This invention generally relates to data processing systems and methods, and more specifically, to object oriented computing environments.
Object oriented programming systems and processes, also referred to as “object oriented computing environments”, have been the subject of much investigation and interest in state of the art data processing environments. As is well known to those having skill in the art, object oriented programming systems are composed of a large number of “objects”. An object is a data structure, also referred to as a “frame”, and a set of operations or functions, also referred to as “methods”, that can access that data structure. The frame has many “slots”, each of which contains an “attribute” of the data in the slot. The attribute may be a primitive (such as an integer or string) or an object reference which is a pointer to another object. Objects having identical data structures and common behavior can be grouped together into, and collectively identified as, a “class”.
Each defined class of objects will usually be manifested in a number of “instances”. Each instance contains the particular data structure for a particular example of the object. In an object oriented computing environment, the data is processed by requesting an object to perform one of its methods by sending the object a “message”. The receiving object responds to the message by choosing the method that implements the message name, executing this method on the name instance, and returning control to the calling high level routine along with the results of the method. The relationships between classes, objects and instances are established during “build time” or generation of the object oriented computing environment, i.e. prior to “run time” or execution of the object oriented computing environment.

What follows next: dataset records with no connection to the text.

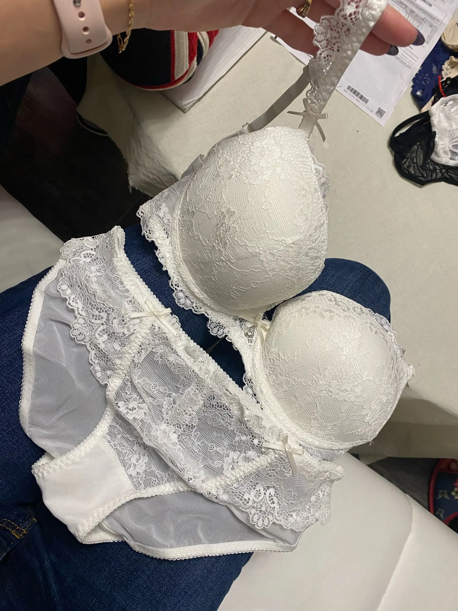 Очень красивый и качественный комплект. Бюстгальтер с пуш-ап. Я купил белый, теперь красный, я буду покупать больше. Быстрая доставка-всего 2 недели я очень доволен. Я настоятельно рекомендую продавцу.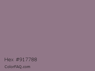 Hex #917788 Color is a normal magenta color and the nearest color is Mountbatten Pink #997a8d. Hex code #917788 and RGB value is rgb(145,119,136). In RGB color space, this color is composed of 57% red, 47% green, 53% blue, In CMYK color space, this color is composed of 0% cyan, 18% magenta, 6% yellow , 43% black , In HSL color space, this color has a hue angle of 321° , 11% saturation and 52% lightness.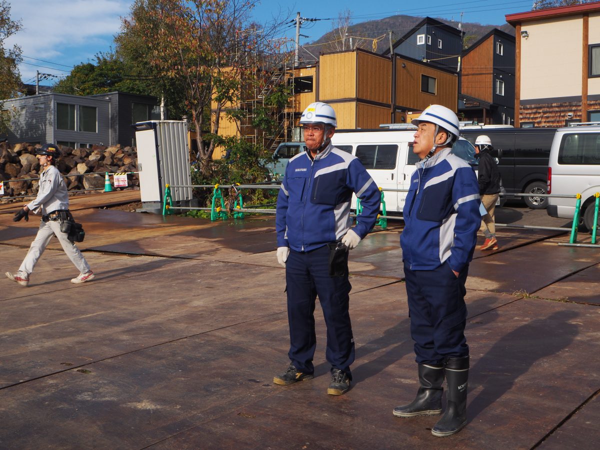 「AKIニセコ」の現場です。こちらの現場では、ヴィラと入居者専用のクラブハウス建設用に造成された15か所の宅地のうち、E宅地とH宅地の2か所でヴィラを建設しており、併せて受変電設備工事と温泉機械室の施工も予定しています。現在はE宅地を施工中で、視察時点での進捗は54%とのことでした。地上4階建てのヴィラは温泉、サウナといった高級コンドミニアムに引けを取らない充実した設備に加え、外観や内装にR加工と呼ばれる丸みを帯びた加工が施されており、現代的なデザインと子どもや年配の方でも安全に過ごすことができる空間を実現しています。今後、E宅地での建設は12月下旬からの工事自粛期間を迎えるまでにほぼ完了し、自粛期間明けの来年4月よりH宅地での施工が本格的に始まります。建設前の宅地に現場事務所を構えておりますが、当該箇所の購入者が決まると事務所を移動しなくてはならないそうで、現在の事務所も別の宅地から移動してきたというお話もお聞きすることが出来ました。現場担当者の皆さんにおかれましては、お忙しい中丁寧に対応いただきありがとうございました。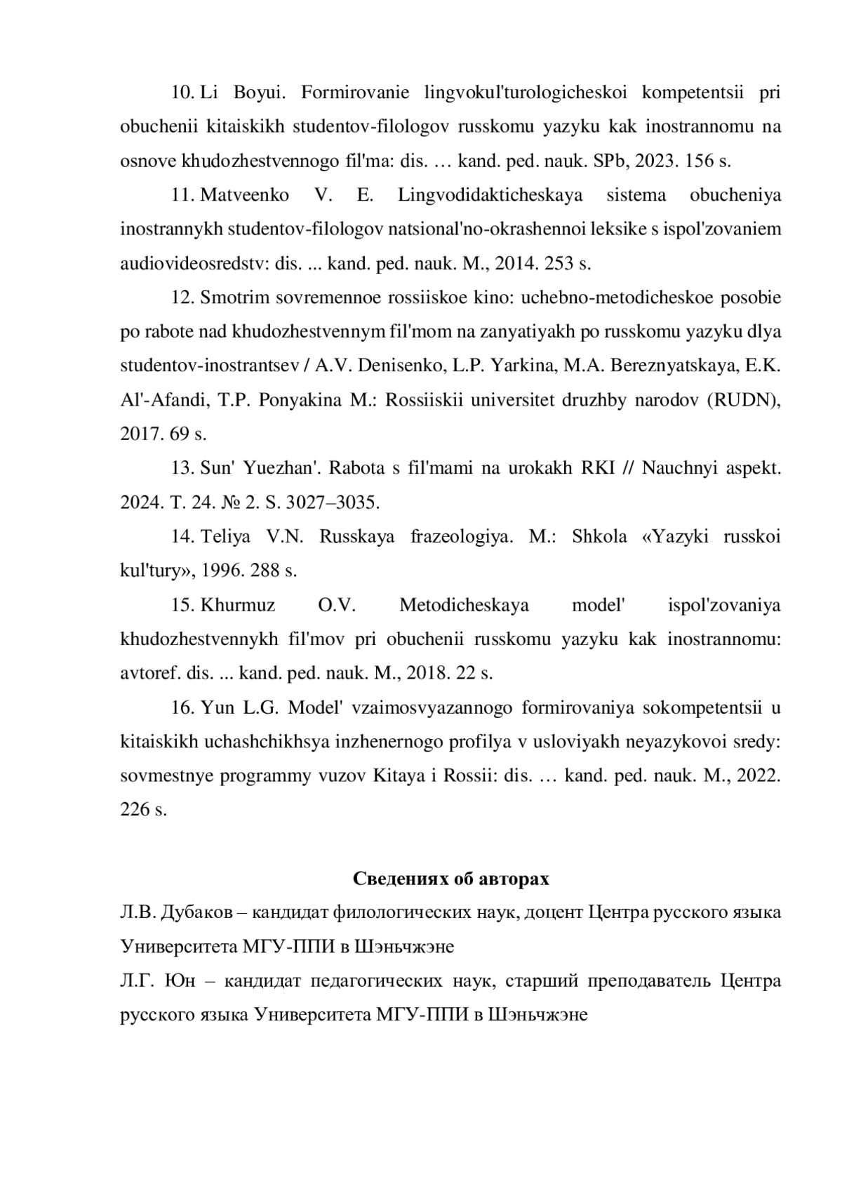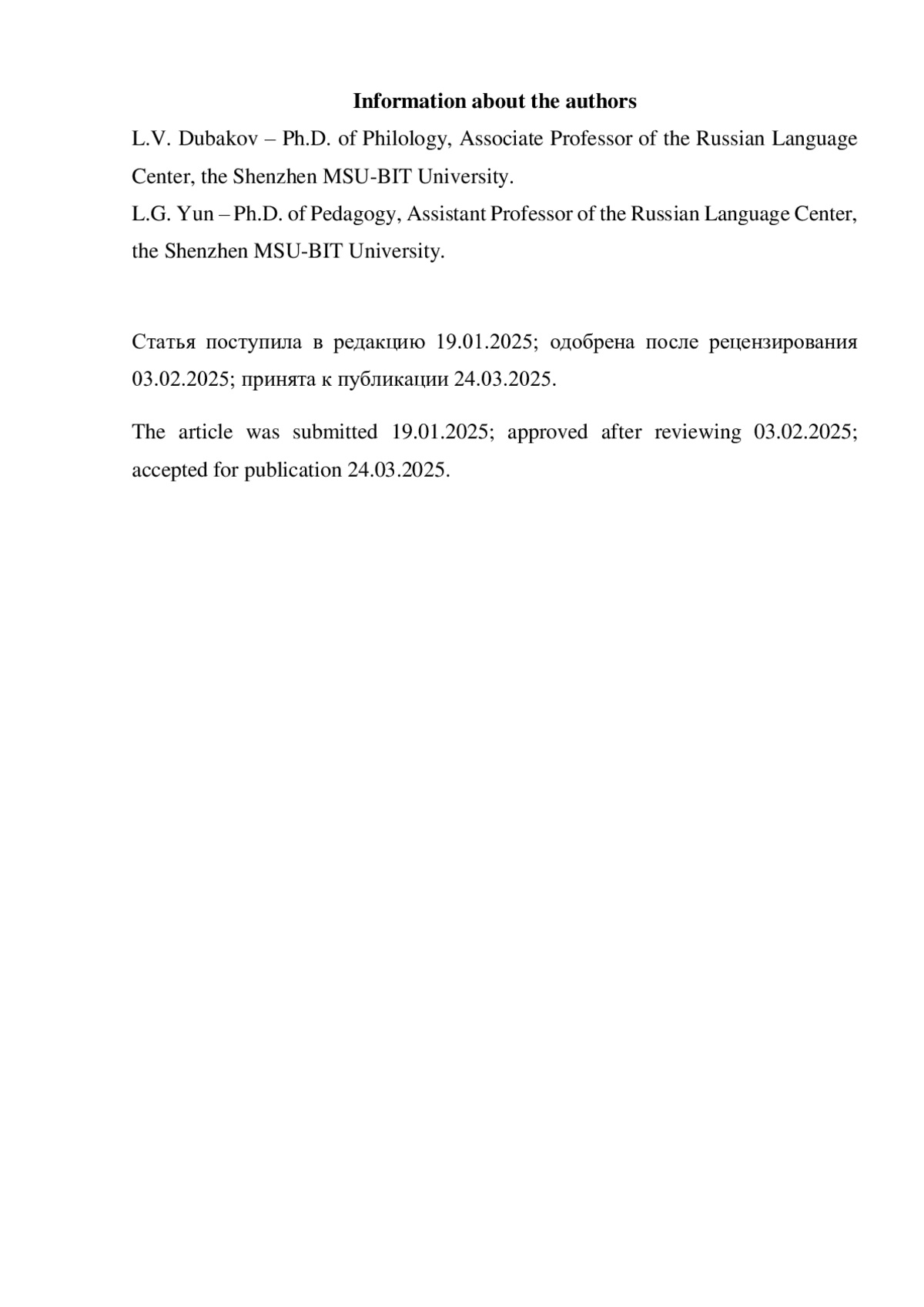 ДУБАКОВ Л. В., ЮН Л. Г. ОБРАЗОВАТЕЛЬНЫЕ ВОЗМОЖНОСТИ РАБОТЫ С ФИЛЬМОМ «ВОЛШЕБНЫЙ ПОРТРЕТ» НА ЗАНЯТИЯХ ПО РКИ В КИТАЙСКОЙ АУДИТОРИИ // ВЕСТНИК ГОСУДАРСТВЕННОГО ГУМАНИТАРНО-ТЕХНОЛОГИЧЕСКОГО УНИВЕРСИТЕТА. 2025. № 1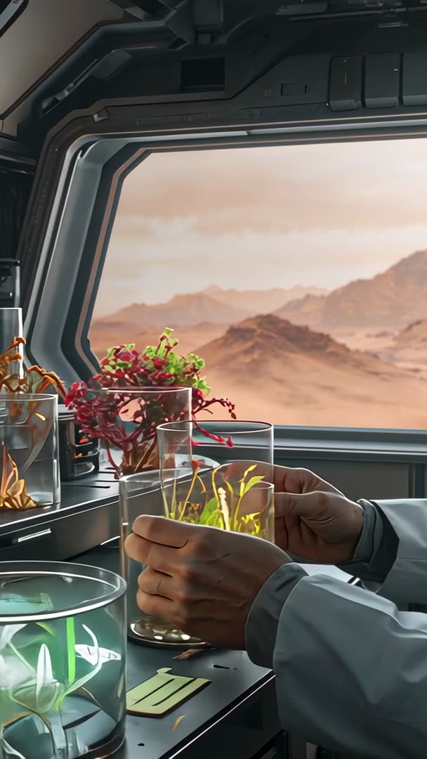 AI Generated Video. Showing researcher wearing lab coat handling rotating glass terrarium inside spacecraft cabin while rugged desert planet drifting outside window. Featuring close-up of hands adjusting delicate seedlings and monitoring bioluminescent growth inside clear cylinders with additional experimental samples on bench. Emphasizing tactile interaction, glass reflections, soft cabin lighting, and distant Mars-like mountain silhouettes for strong visual contrast. Suiting educational and promotional content for space botany, microgravity research, controlled environment agriculture, and biotech or aerospace branding. Serving as vertical social media reel, documentary clip, cinematic B-roll for science fiction projects, or background for startup pitch and investor presentation about sustainable food systems. Working well as insert shot for procedural tutorials, lab safety demonstrations, and immersive VR or AR experiences. Suggesting edit approaches: using slow push-in and gentle rack focus to enhance drama; isolating close-up details of roots and bioluminescence for cutaway sequences; color grading to balance warm cabin tones with muted orange exterior. Recommending ambient low-frequency hum and minimal melodic underscore for mood. Tagging metadata with terrarium, bioluminescent plants, microgravity experiments, spacecraft lab, in-orbit agriculture, hands-on research to improve discoverability.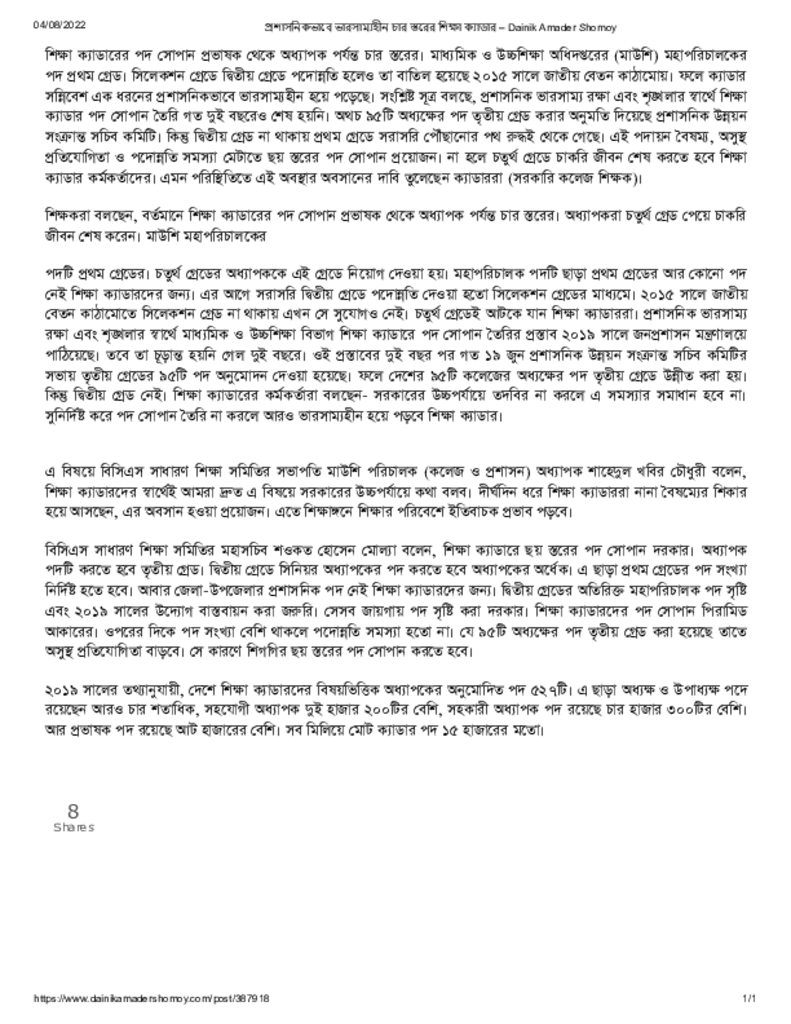 প্রশাসনিকভাবে ভারসাম্যহীন চার স্তরের শিক্ষা ক্যাডার – Dainik Amader Shomoy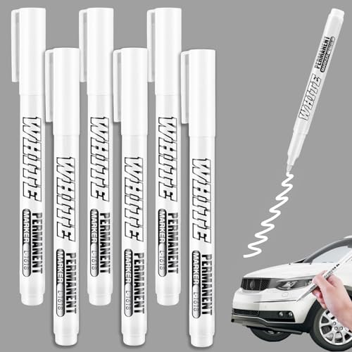 Jeffdad Acrylic Pens White Waterproof, 6 Pieces Reversible White 1mm Fine Tip Permanent Markers Acrylic Paint Permanent Marker White Acrylic Pen for Black Paper Wood Metal Glass Fabric Stone Deck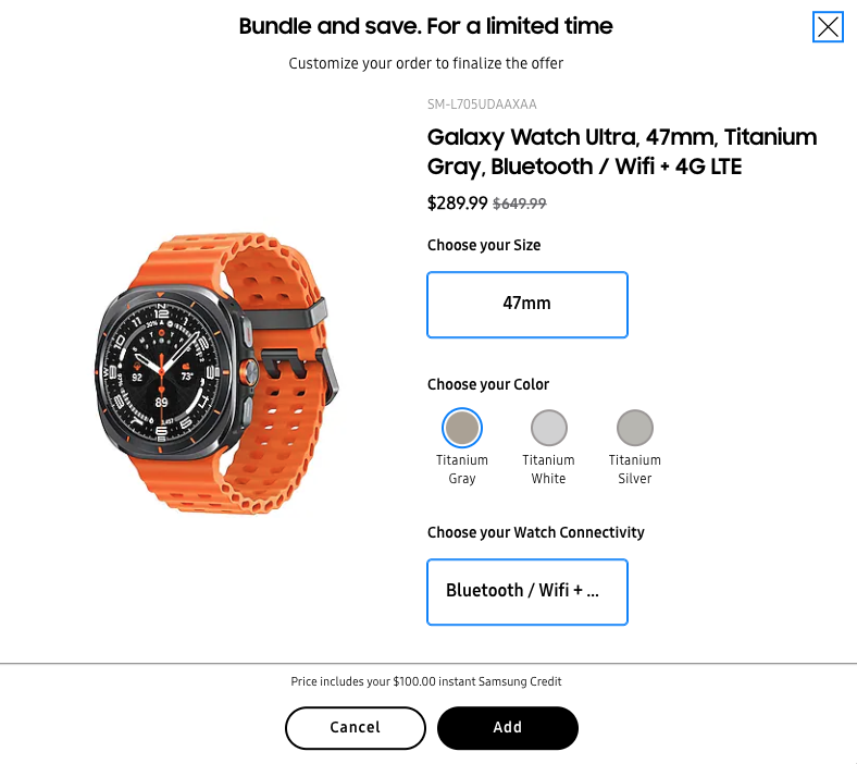 Then, before adding everything to your cart, scroll down on the S25 Ultra listing page to the “Start building healthy habits with Galaxy” section and scope out the prices on the Galaxy Watch Ultra and Galaxy Watch 7. They work out like this:

As described above, object oriented programming systems are composed of a large number of objects. The amount of data and processing accommodated by an object is typically small enough to be contained within a single row of a database table or a single data entry panel. However, it will be recognized by those having skill in the art that a user view of an object may be considerably more complicated. Thus, simple objects may be tightly bound together as a Complex Object because they all participate in a business process. Alternatively, simple objects may be tightly bound as a Complex Object for purposes of data navigation and presentation or because of cross-object data verifications.
Additional background information about complex objects in an object oriented computing environment is given in U.S. Pat. No. 5,832,268, the disclosure of which is hereby incorporated herein by reference.
An important problem (see FIG. 3) solved by EADP complex object support is the scattering of relational data due to normalization. Traditionally a lot of application logic is devoted to reassembling this data for presentation, and also to providing navigation paths to drill down through the data. Much of this logic is very similar from one application to another. EADP provides runtime support for many of these common application tasks (complex object navigation, presentation of normalized data through quick views, calculation of computed fields, calculations of summary fields, and context control through the ruler list). EADP also provides build time support so that an application can be adapted to use these features using custom editors for Java beans.